# best Forstner bits for salt and pepper mills



## Marker (Jul 1, 2012)

I am in need of some  Forstner bits for making some salt and pepper mills.  


   I need the 1 1/16"   and the 1 5/8"

   I saw some Maxicut bits on CSUSA's web site,   but they were out of stock.   

   Any use these Maxicut bits?     are they worth the extra money?

  What bits would you suggest to me, and were id the best place to get them?

    Thanks


----------



## EricJS (Jul 1, 2012)

I bought the Colt Maxi Cut bits from Amazon with the 270mm extension for peppermills. They are extremely sharp and make very accurate cuts.

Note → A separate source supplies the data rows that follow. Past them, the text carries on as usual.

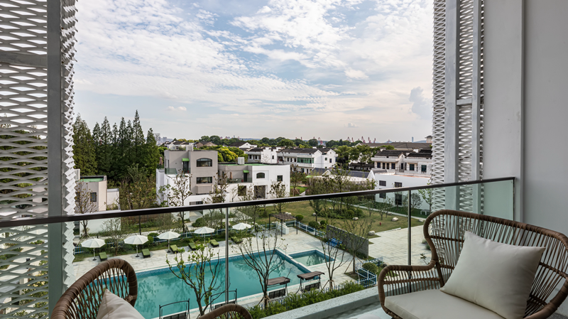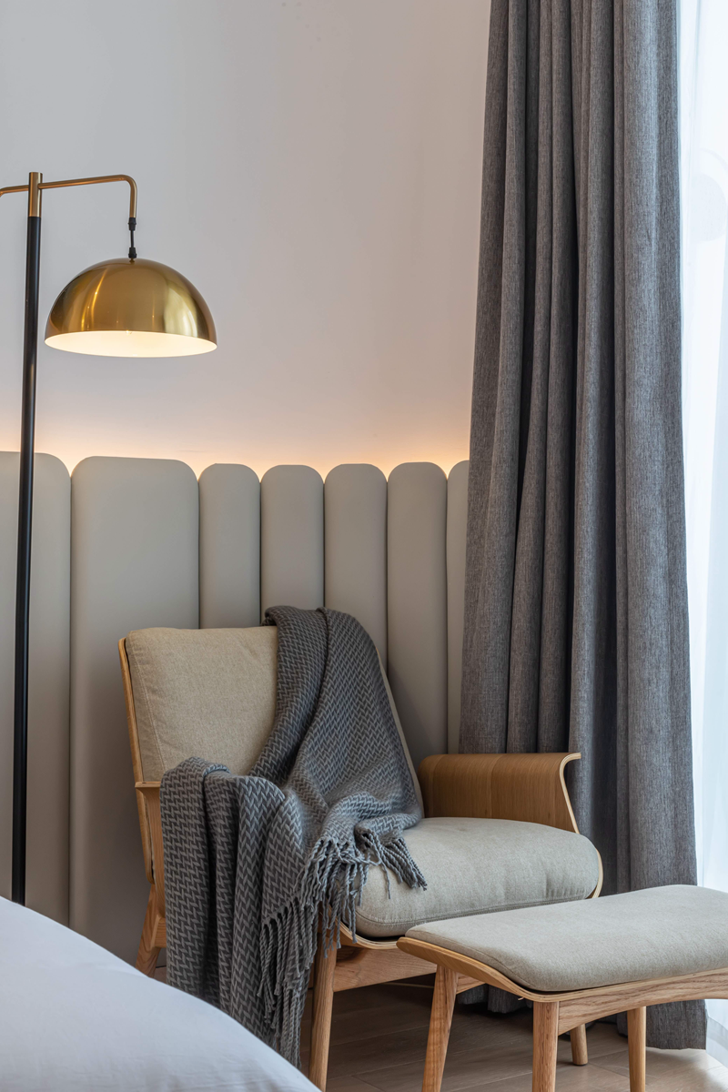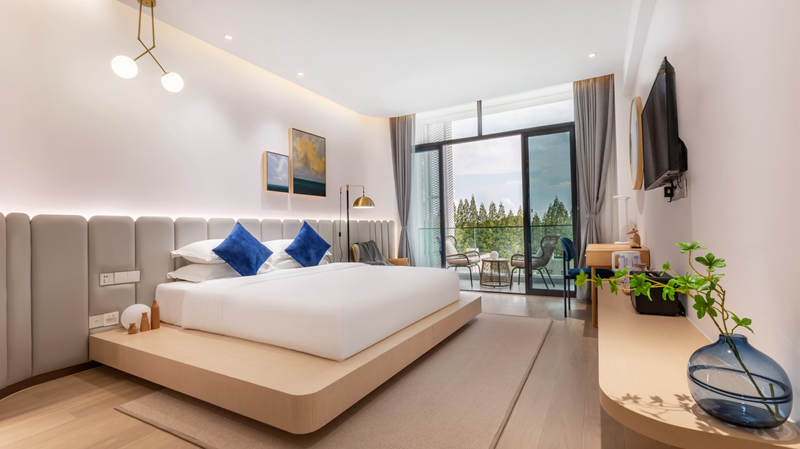 几幢客房区间穿插着许多天然植物,创造出一种对现代生活的重新解读,拉开窗帘能见到满树繁花与“小森林”,处处传达着自然在室内的渗透。
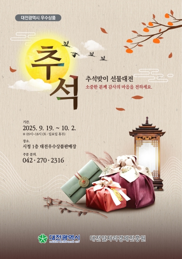 특히 지역 내 유망 중소기업, 사회적기업, 마을기업 등 30개 기업이 참여한다. 대표 상품으로는 ▲홍삼스틱, 흑삼, 흑마늘 진액 같은 건강식품 ▲전통 한과와 김, 기름, 과일 선물 세트 ▲천연샴푸, 비누 등 생활용품이 준비돼 있어, 명절 선물 고민을 덜어줄 전망이다. 전국 택배 서비스도 9월 30일까지 지원돼 대전 외 지역으로도 간편하게 선물 배송이 가능하다.
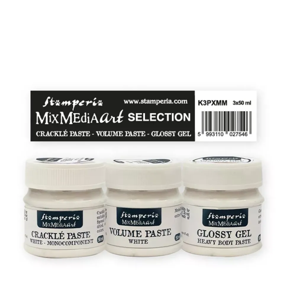 - Selección de 3 tipos de pastas de textura diferentes para proyectos Mixed Media.
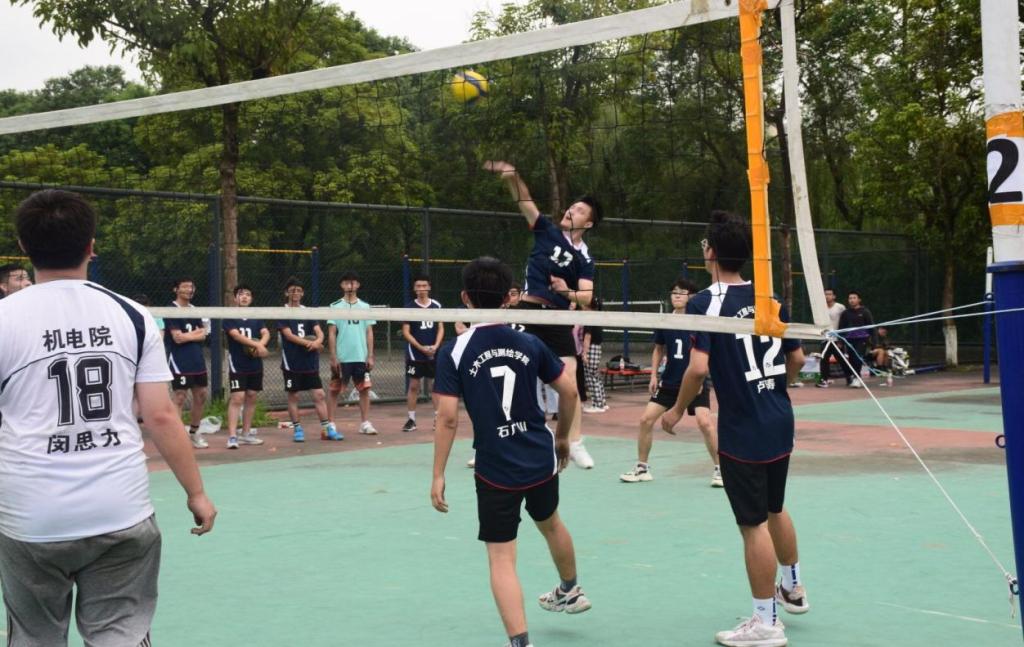 另一場男子排球也十分的精彩,土測院面臨的是機電院,在遇到土測院之前他們幾小場險勝,實力也不容小看。面對強敵土測院的健兒們欲招拆招,研究對方的進攻特點,在隊友的完美配合下土測院以15:12的優勢下取得了第一小場的勝利。強者與強者之間的戰斗從來不會輸在氣勢上,土測院雖然第二局惜敗了,在第三局仍然充滿斗志。土測男排面對強敵,打出自己的氣勢,展現了土測院學生不畏強敵,敢于拼搏,眾心如城的體育精神,他們滿腔熱情揮灑在球場之上。
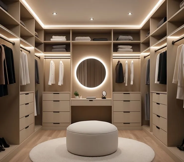 Стильная гардеробная в минималистичном стиле с тёплыми бежевыми оттенками и встроенной подсветкой. Центр помещения занимает удобный туалетный столик с зеркалом в светлом кольце, дополненный выдвижными ящиками. Шкафы и полки организуют хранение одежды и аксессуаров, при этом стиль и практичность соединяются в одном. Мебель изготавливается на заказ, подходя под любые размеры.
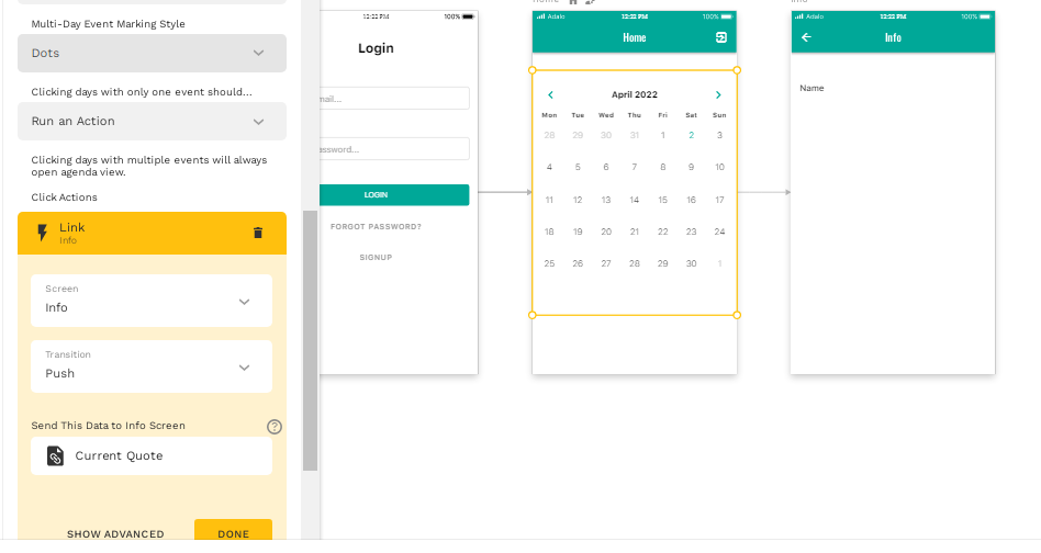 On home page, I add “Calendar” component. I added a new page with “info”, “list”. but it seems I miss an action step to trigger Calendar point to corresponding quota page. Would any suggestion how to do that ?
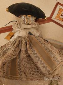 bambola vintage in porcellana con prezioso abito damascato e cappello in velluto imbottito . ottime condizioni . marca Claudia
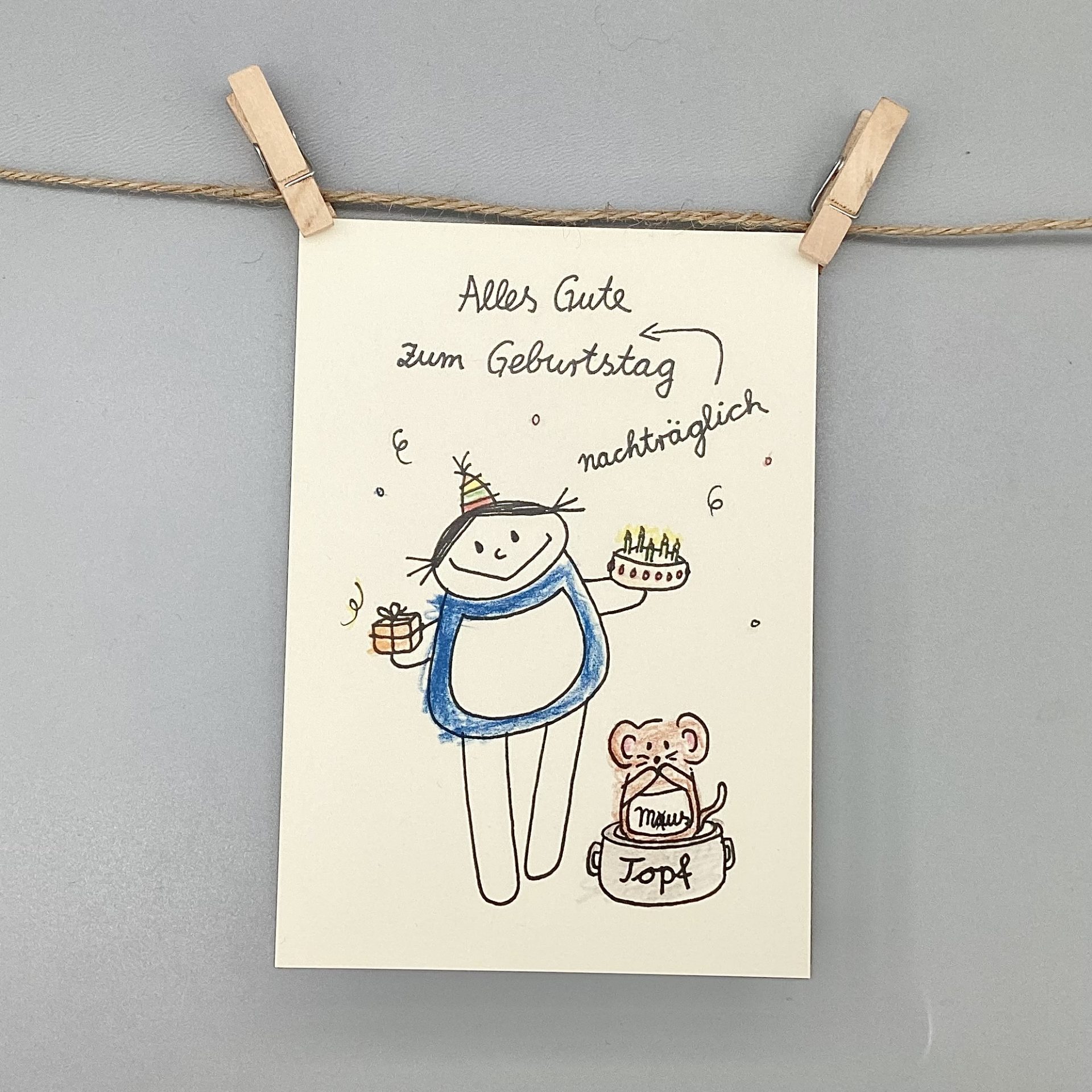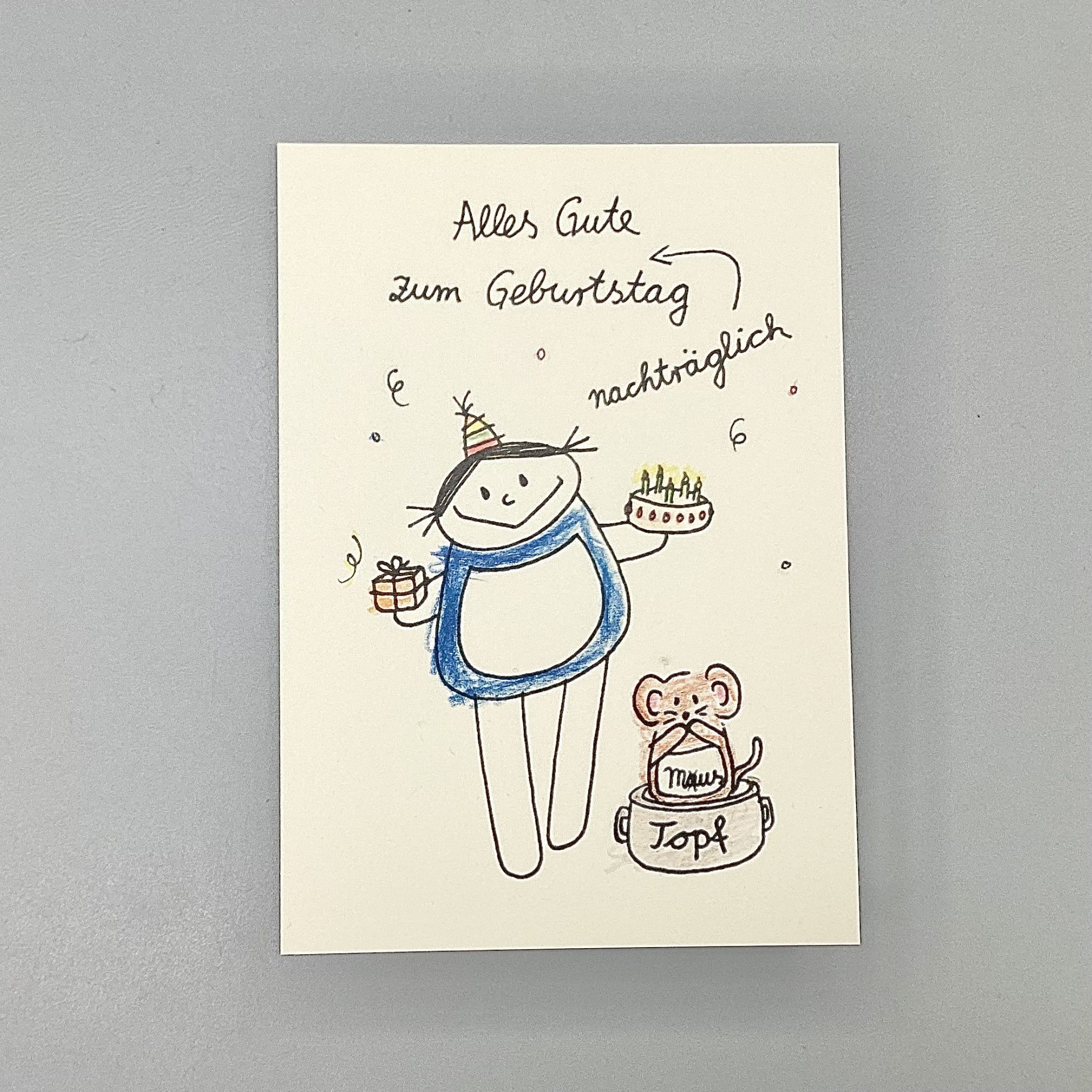 Die Karte sorgt sicher für ein Lächeln und zeigt: Auch ein nachträglicher Geburtstagsgruß kann von Herzen kommen.
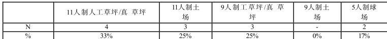 从表 8 可以看出,本研究所涉及到的 18 个队伍的场地数量共 12 块。人工 草坪/草坪场地占总数的 58%,土场占总数的 25% ,还有 2 个五人制水泥地足球场。平均每支队伍拥有 0.6 块足球场。场地设施不是很好。而且大部分场地是当地学校的场地。

I'm very impressed with them.


----------



## TellicoTurning (Jul 1, 2012)

I go through Forstner's pretty regularly with my mills.... I use the ones sold at Woodcraft.. don't remember the brand name...but at about $10 each, I can use them until they get dull, sometimes touch them up on my 1" belt sander for a few more uses, then toss and replace... I don't use the 1 1/16 myself, but know that WC does carry them.


----------



## KenV (Jul 1, 2012)

Strongly suggest you avoid the high carbon steel version -- they are cheap, but when they get hot, the edges get softer and softer.....

High Speed Steel is durable and can be resharpened with diamond or cubic boron nitride slips.

Maxicut are awesome --  I think worth the price (at least to me).

They are available in a good range of sizes from internet suppliesr   Amazon has it today for a good price (expensive -- but less than list)


----------



## bitshird (Jul 1, 2012)

I do like Chuck I get the Woodriver I believe the name is, from Woodcraft. They can be sharpened, but are cheap enough about 10.00. The Colts are worth the money, particularly on the 1-1/16th since it gets a lot of use.


----------



## broitblat (Jul 1, 2012)

I've been real happy since I switched to using a carbide bit for the through hole.  I got one from Woodline USA - Carbide Forstner Bits, and it has held up very well for me.

  -Barry


----------



## bitshird (Jul 1, 2012)

broitblat said:


> I've been real happy since I switched to using a carbide bit for the through hole.  I got one from Woodline USA - Carbide Forstner Bits, and it has held up very well for me.
> 
> -Barry



Barry, that price is incredible for carbide.


----------



## Marker (Jul 1, 2012)

When I am making 6" mills out of a very hard type of wood.   Would it be a good idea to drill a pilot hole?  say with a 3/4"  metal bit?  

  Would this make the Forstner bit last longer since it would have less to cut through?


----------



## KenV (Jul 1, 2012)

Chess_Master said:


> When I am making 6" mills out of a very hard type of wood.   Would it be a good idea to drill a pilot hole?  say with a 3/4"  metal bit?
> 
> Would this make the Forstner bit last longer since it would have less to cut through?




Probably not worth the bother --

But if you do, the Forstner guide on the outside rim and you should start with the full size forstner to set the guide, then drill out the center, and come back with the forstner.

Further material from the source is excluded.